Every so often an opinion piece circulates citing a research paper that posits that nutritional supplements, and multivitamins in particular, are more detrimental than helpful. Looking directly at the research being cited in this current round of nutritional supplement defamation, it seems to be no more than a sensational headline.
The first study claimed to find that among about 40,000 older woman surveyed, there was an increased risk of mortality for those taking supplements.
However: multivitamin use was self-reported. Their results were based on “multivariable adjusted proportional hazards regression models” which I hope means they attempted to control for the fact that people who take multivitamins are more likely to already have health concerns.

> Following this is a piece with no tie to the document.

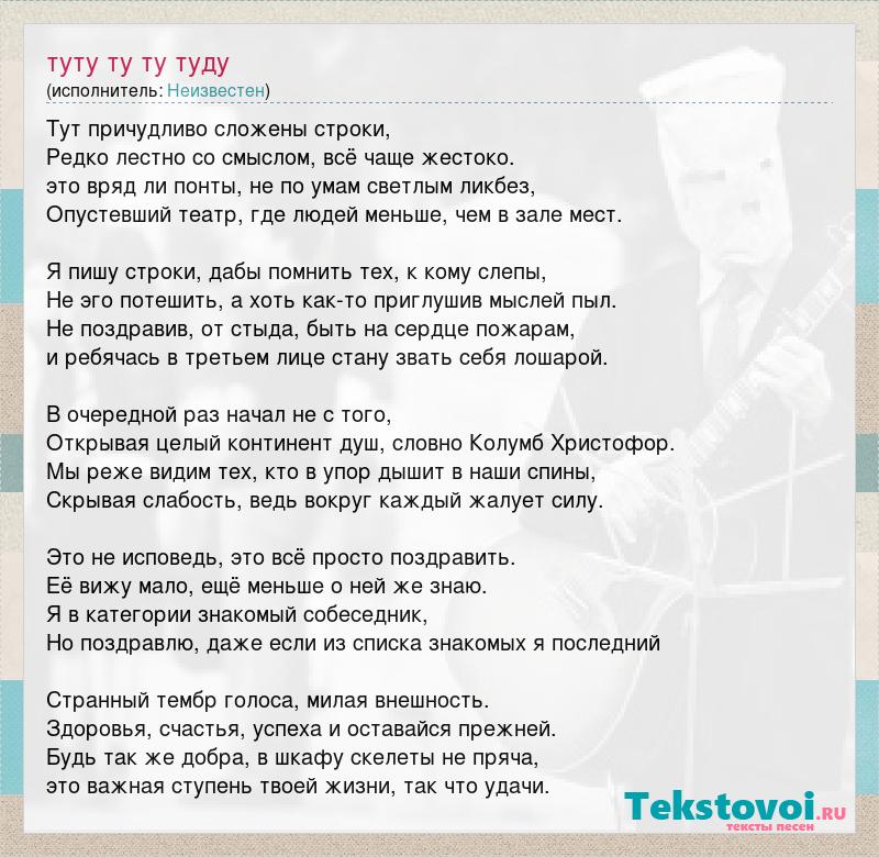 А как ты думаешь, о чем песня "Туту ту ту туду" ?
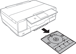 印刷する面を上にして、ディスクトレイにディスクを載せます。ディスクの中央付近を押さえてセットしてください。

There was a study a few years ago that this reminds me of: it claimed to find that athletes who stretched were more likely to injure themselves, but it didn’t control for quantity of exercise. A professional athlete who stretches, but works everyday to push their body to the limit, is of course far more likely to injure themselves compared to a casual exerciser who doesn’t stretch. That doesn’t mean there’s a causality between stretching and injury, just like I wonder how well they controlled for existing/anticipated illness and multivitamin use (i.e. “my mother had bad health issues, I better be proactive and take a nutritional supplement”).
A second study found that, when looking at 68 different randomized trials (as opposed to self-reported use), “there was no significant effect on mortality”. The more you add controls (blind, randomized studies with follow-ups), the less correlation there seems to be.
So avoid the attention grabbing headlines, and make nutritional supplement decisions based on your personal needs, history, and family health. Take to a nutritionist, a naturopath, and/or your family doctor.